Ветер дул девушкам в лицо, и это было плохо, если бы он дул сбоку слева или справа, было бы лучше, там на пути у ветра вставали деревья, впереди же деревьев не было, – значит, и защиты никакой не было.

Ася легла на веревку почти плашмя, распласталась в воздухе, ветер рванул колбасу изо всех сил, – Асе показалось, что веревка сейчас лопнет, взовьется разматывающимся, разбрызгивающим волокнистые нитяные обрывки концом к перкалевой колбасе, и тогда все, аэростат погибнет, а младший сержант Трубачева пойдет под трибунал…

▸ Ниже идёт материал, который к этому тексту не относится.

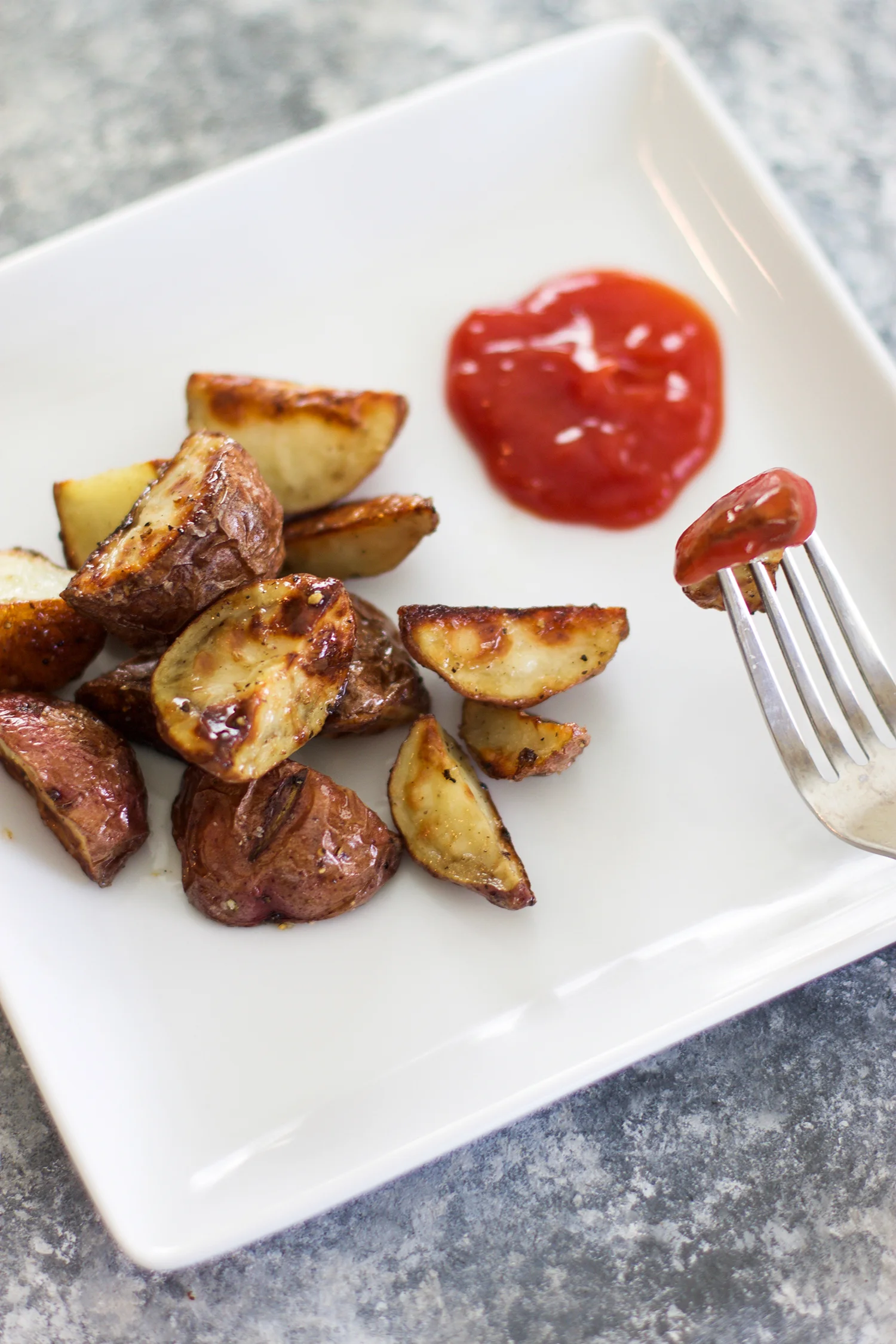 Anyway, that's my rant about that but more importantly you need these potatoes in your life. They are perfectly crispy on the outside, tender on the inside and seasoned perfectly. I love roasting these for breakfast with fried eggs or serving them at dinner as an easy side with a veggie and a protein!
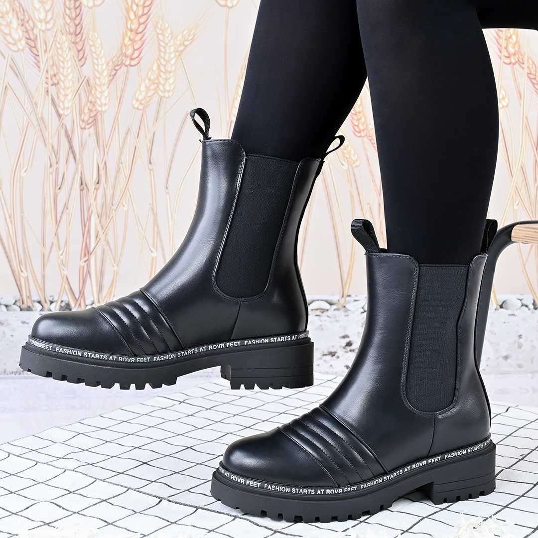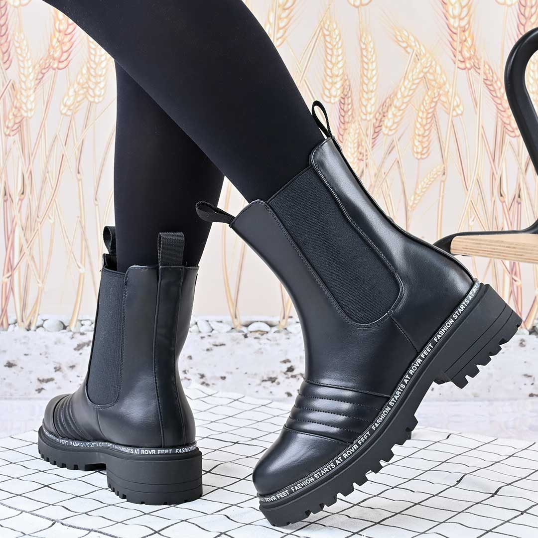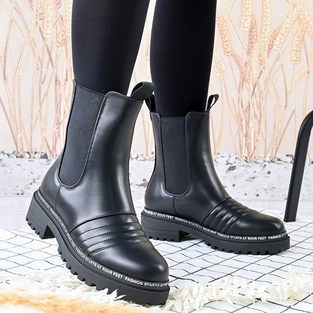 Ghete de dama,Din piele ecologica, cu interior imblanit,GD1106,Negru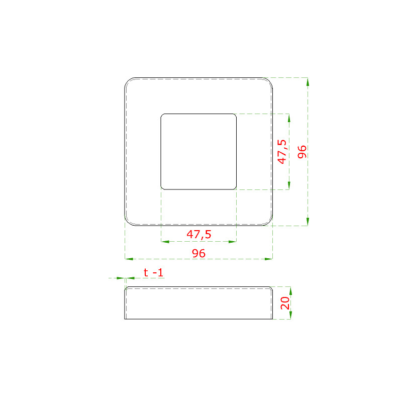 kryt príruby (96x96mm), otvor:47.5x47.5mm, brúsená nerez K320 /AISI304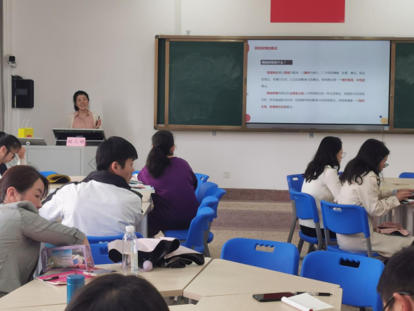 程三娟紧密围绕主题,从网络舆情的概念界定及应对措施进行讲解,结合具体案例,与老师们进行分享。强调网络舆情处置要着重把握“情”与“理”、“控”与“导”、“管”与“育”的关系,将网络舆情处置与学生网络思政工作紧密结合,为辅导员切实做好学生教育管理工作提供具体指导和方法策略。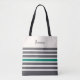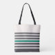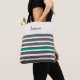 Charcoal and green modern stripes custom name tote bag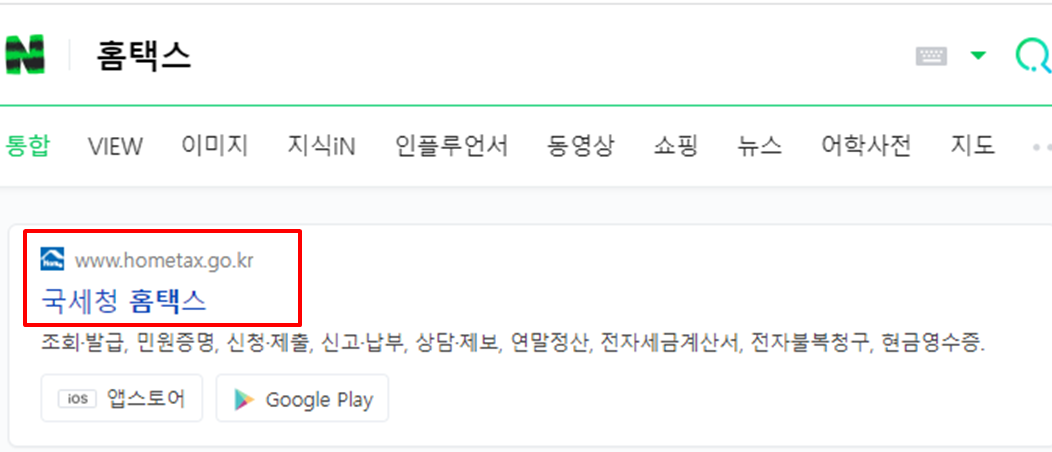 검색창에 홈택스를 검색하여 들어가시면 홈택스 메인화면이 나옵니다.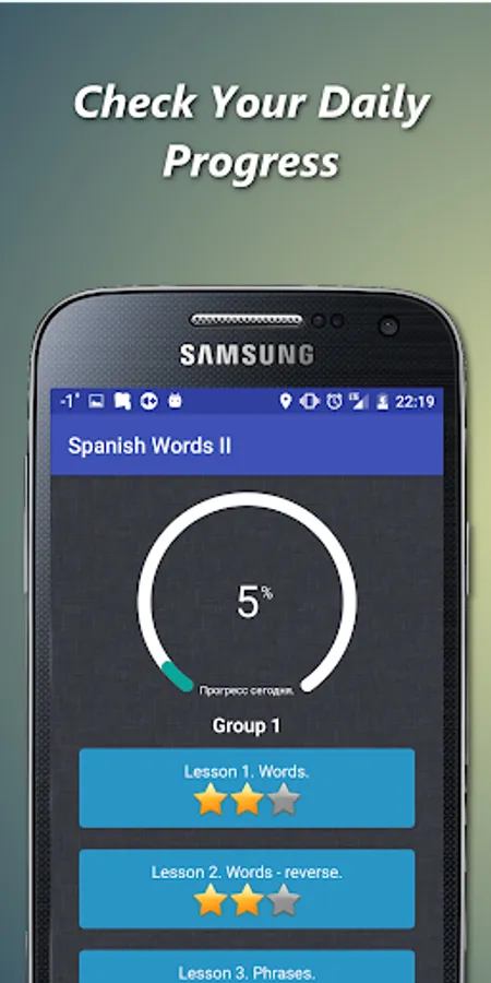 Application doesn't have any limits for words and phrases studying. You can remember all phrases many time during the day. Spanish language teacher.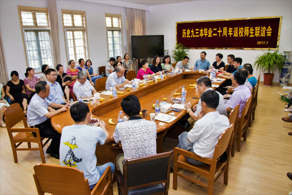 2017年7月29日,社会发展学院历史专业1997届校友举行毕业20周年返校聚会活动。虽然正值盛夏酷暑,校友们聚会热情却更为高涨。大家参观了瘦西湖校区校园,并在学院会议室举行了师生联谊会。原扬州大学副校长周新国,原系副主任秦国华,班主任、现任《新华日报》社总编辑双传学,社会发展学院党委书记吕红梅、党委副书记居再宏以及部分教师出席了联谊会。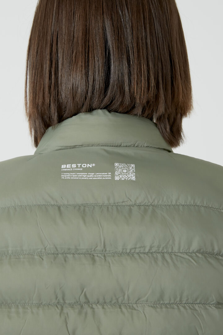 Heat-In Technology 2.0 Vest: 9 adjustable temperature options, 5 optimized heating zones, with mobile charging functionality and up to 6 and a half hours of duration (battery included in delivery). Integrated personalized QR: Includes your professional, social and emergency profile. Made with certified recycled materials.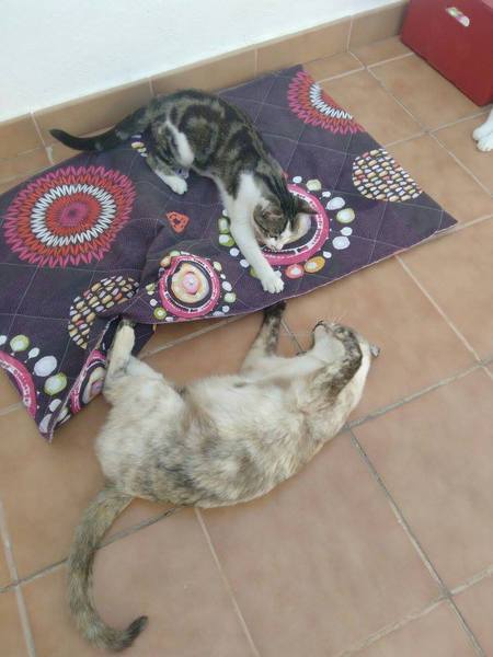 supimos de su situación y la recogimos de la calle preñada. Desde entonces vive con nosotras, es una gata con una personalidad increíble, todos los gatos con los que convive la quieren y la respetan,

В следующее мгновение Ася увидела над собой тощие ноги в двойных нитяных чулках, обутые в сапоги, засекла, что тяжелые кирзачи поползли со слабых ног вниз, услышала крик, – это кричала Феня Непряхина, только у нее мог быть такой тонкий тщедушный голос. Ася чуть было не вскинулась, чтобы ухватить Фенины ноги за лодыжки, иначе ведь колбаса уволокет девчонку на небеса, но бросать свою веревку было нельзя… Ни на одно мгновение нельзя.

Трубачева вновь присела, стараясь прижаться к земле, распластаться на ней, но сделать это не удалось, аэростат вновь рванулся в небо, и Ася, словно бы пугая, окорачивая его, закричала.

Собственный крик едва не вывернул ее наизнанку. Она готова была вцепиться зубами в стоптанный Фенин сапог, лишь бы Феня нырнула вниз, к земле, встала своими кирзачами на надежную твердь, не унеслась бы в небо.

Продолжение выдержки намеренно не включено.